* **What is being asked**
The response should consist only of the lines from the one with "洪岗对做好申报工作提出四个要" to the end of the data below, copied exactly and without pictures.

* **The data**
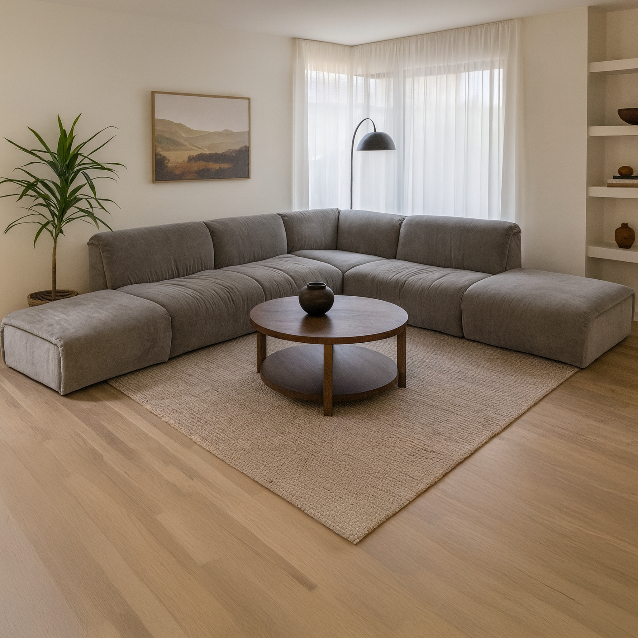 تتكوّن من قطع متعددة تشمل الزاوية، مقاعد مفردة بدون ذراع، وقطعة مسند، مما يتيح لك تشكيلها بحرية بحسب ذوقك واحتياجك.
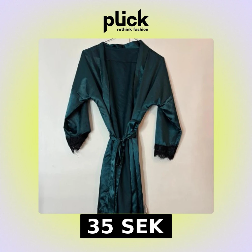 Snygg mörkgrön morgonrock i satinliknande material med knytband i midjan. Svarta spetsdetaljer vid armarna och vid slutet av morgonrocken. Den är från shein och skulle tro det är storlek XS-S. Aldrig använd så nyskick
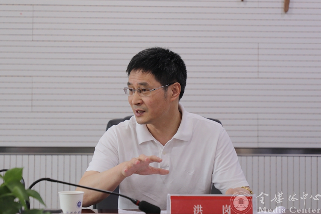 洪岗对做好申报工作提出四个要求:一要进一步认真学习教育部文件,明确一流专业建设的建设原则和报送条件,参照文件要求完善文本;二要明确填报要求的内涵,在深入理解内涵的基础上完整体现内容;三要注重文本模块的逻辑关系,厘清模块内部和模块之间的逻辑,文本具备逻辑性、系统性和规范性;四要注重突显专业的特色和亮点,突显专业的引领示范作用,体现专业“一流”建设的成效和潜力。
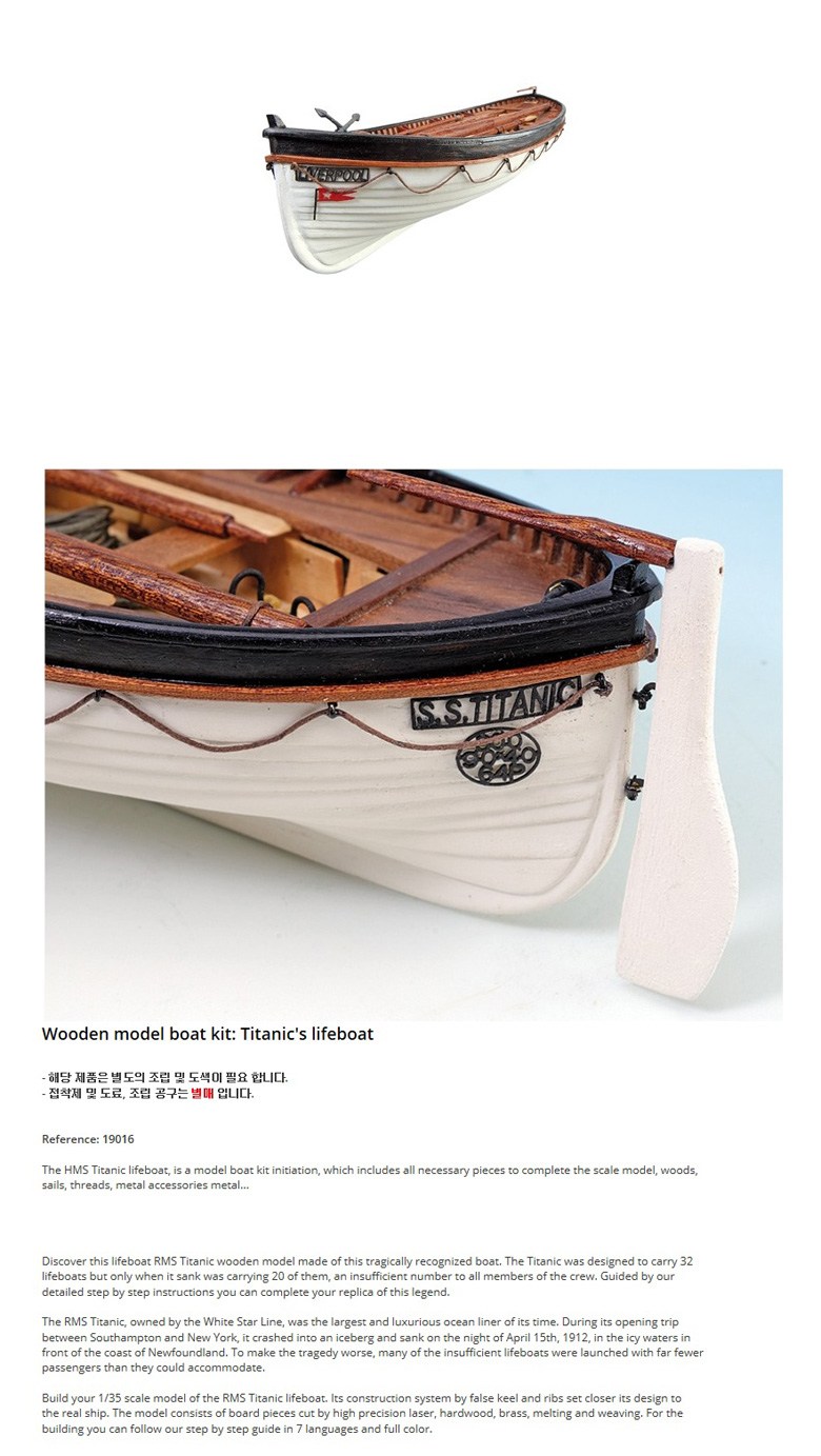 複製品1/35 RMS泰坦尼克號救生艇木帆船 ATS190168, 1個
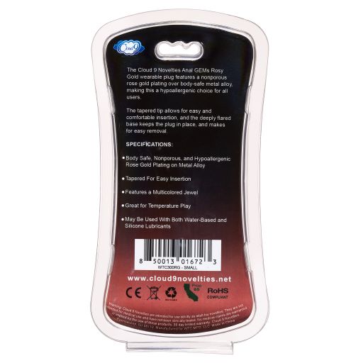 Features: a multicolor Jewel. Great for temperature play. May be used with both water based personal lubricants and Silicone Lubricants. Cloud 9 Novelties - Gems Rosy Anal Plug. Categories: Anal Toys, Small Butt Plugs, Medium Butt Plugs. Video. Restricted, Amazon Restricted. Video. 2023. .
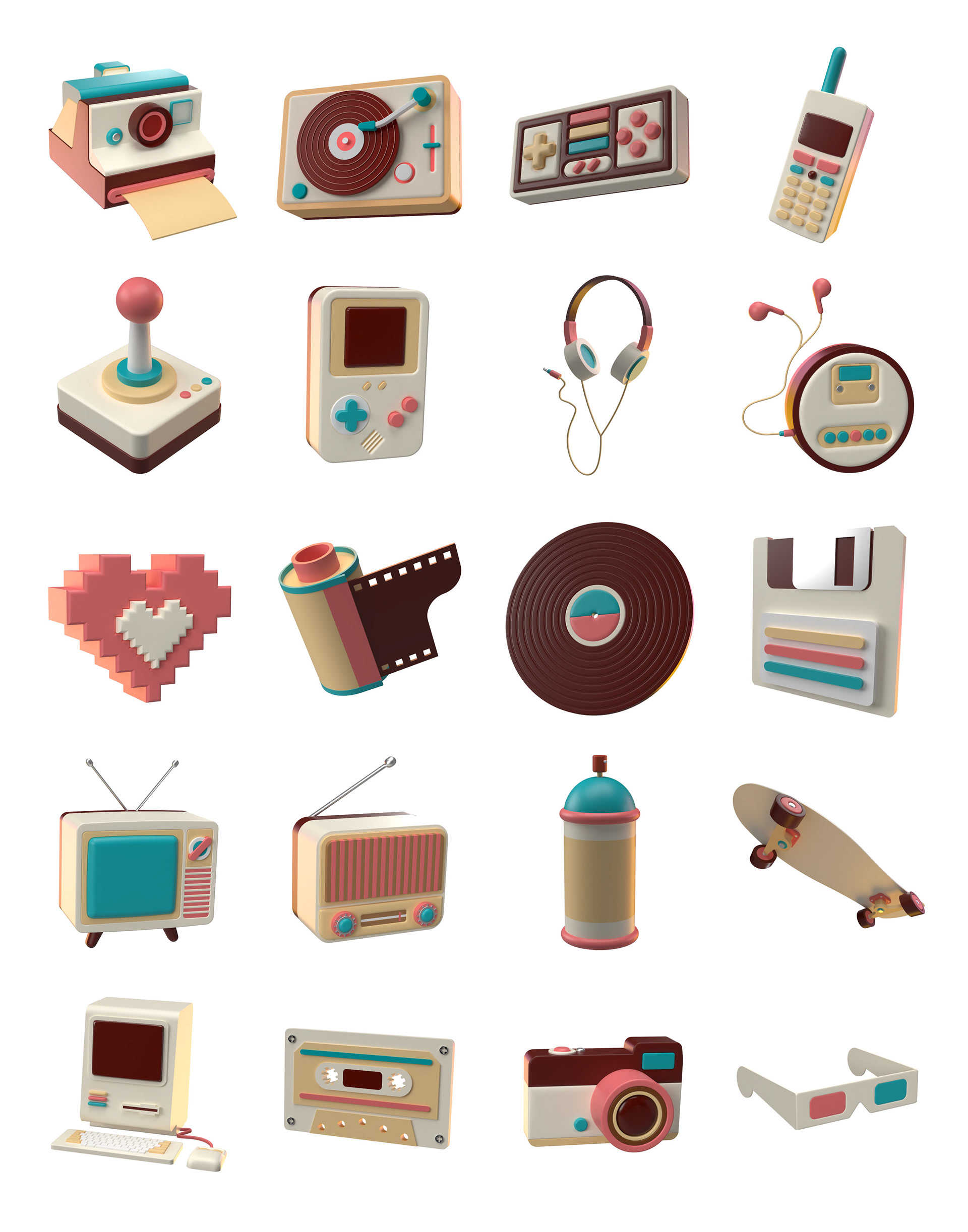 Retro Nostalgic 3D Icons

* **Solution below**
 洪岗对做好申报工作提出四个要求:一要进一步认真学习教育部文件,明确一流专业建设的建设原则和报送条件,参照文件要求完善文本;二要明确填报要求的内涵,在深入理解内涵的基础上完整体现内容;三要注重文本模块的逻辑关系,厘清模块内部和模块之间的逻辑,文本具备逻辑性、系统性和规范性;四要注重突显专业的特色和亮点,突显专业的引领示范作用,体现专业“一流”建设的成效和潜力。
 複製品1/35 RMS泰坦尼克號救生艇木帆船 ATS190168, 1個
 Features: a multicolor Jewel. Great for temperature play. May be used with both water based personal lubricants and Silicone Lubricants. Cloud 9 Novelties - Gems Rosy Anal Plug. Categories: Anal Toys, Small Butt Plugs, Medium Butt Plugs. Video. Restricted, Amazon Restricted. Video. 2023. .
 Retro Nostalgic 3D Icons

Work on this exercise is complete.